David se tomó un descanso de la batalla por un tiempo. Levantándose de su cama, se paseó por el terrado de su casa. Fue entonces cuando vio a una mujer bañándose. Había llegado el momento de aprender, de la manera más vergonzosa y humillante, que su más fiero enemigo estaba en su interior: la carne. Este enemigo interno era más poderoso que los ejércitos filisteos. David preguntó entonces quién era esa mujer, y cuando supo que era la esposa de Urías, uno de sus leales soldados, debería haberse detenido allí mismo. Sin embargo, cegado por su lujuria, mandó a buscarla y cometió adulterio con ella. Había logrado robar un momento de placer, pero ahora debía cosechar toda una vida de dolorosas consecuencias para él y su casa.

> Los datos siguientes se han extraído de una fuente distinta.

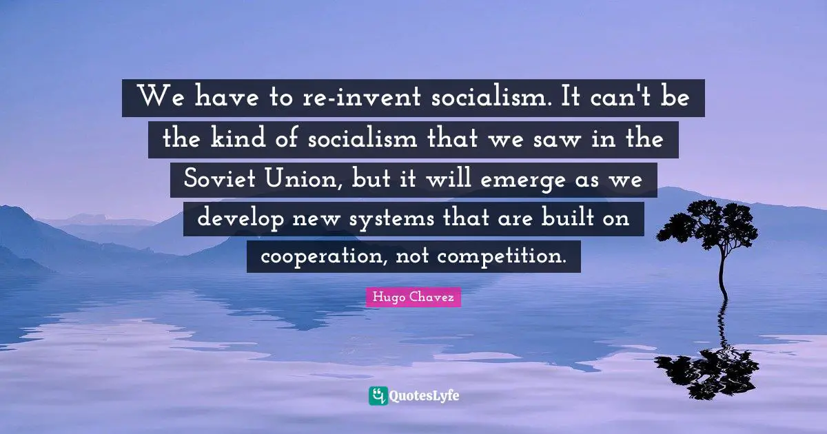 This page presents the quote "We have to re-invent socialism. It can't be the kind of socialism that we saw in the Soviet Union, but it will emerge as we develop new systems that are built on cooperation, not competition.". Author of this quote is Hugo Chavez. This quote is about built, socialism, unions, soviet union, competition, saws, cooperation, kind,.

Al enterarse que Betsabé había concebido, David articuló tres artimañas para tratar de ocultar su pecado. Primero trajo a Urías de vuelta de la batalla, y lo envió a su casa, esperando que se acostara con su esposa. Pero esto no funcionó. Luego emborrachó a Urías para debilitar su decisión, pero este plan también fracasó. Finalmente, envió a Urías con una carta para Joab, la cual contenía la sentencia de muerte del propio Urías. La carta instruía a Joab a que pusiera a Urías en la parte más recia de la batalla, y que luego lo dejaran solo para que muriera en manos del enemigo. Cuando David escuchó la noticia de que Urías había muerto, envió a buscar a Betsabé y la tomó como esposa.
La carne en un creyente es capaz de cometer los pecados más graves. ¿Cómo podremos vencer sus pasiones y deseos? Permitiendo diariamente que el Espíritu Santo trabaje en nosotros y crucifique la carne en nosotros. Al intentar encubrir sus pecados, David perdió su comunión con Dios. “El que encubre sus pecados no prosperará; mas el que los confiesa y se aparta alcanzará misericordia” (Pr. 28:13). Aunque, en el gobierno de Dios, las consecuencias de sus pecados permanecieron durante toda su vida, David confesó su pecado (véase Sal. 51) y fue restaurado por gracia, recuperando así la comunión con Dios.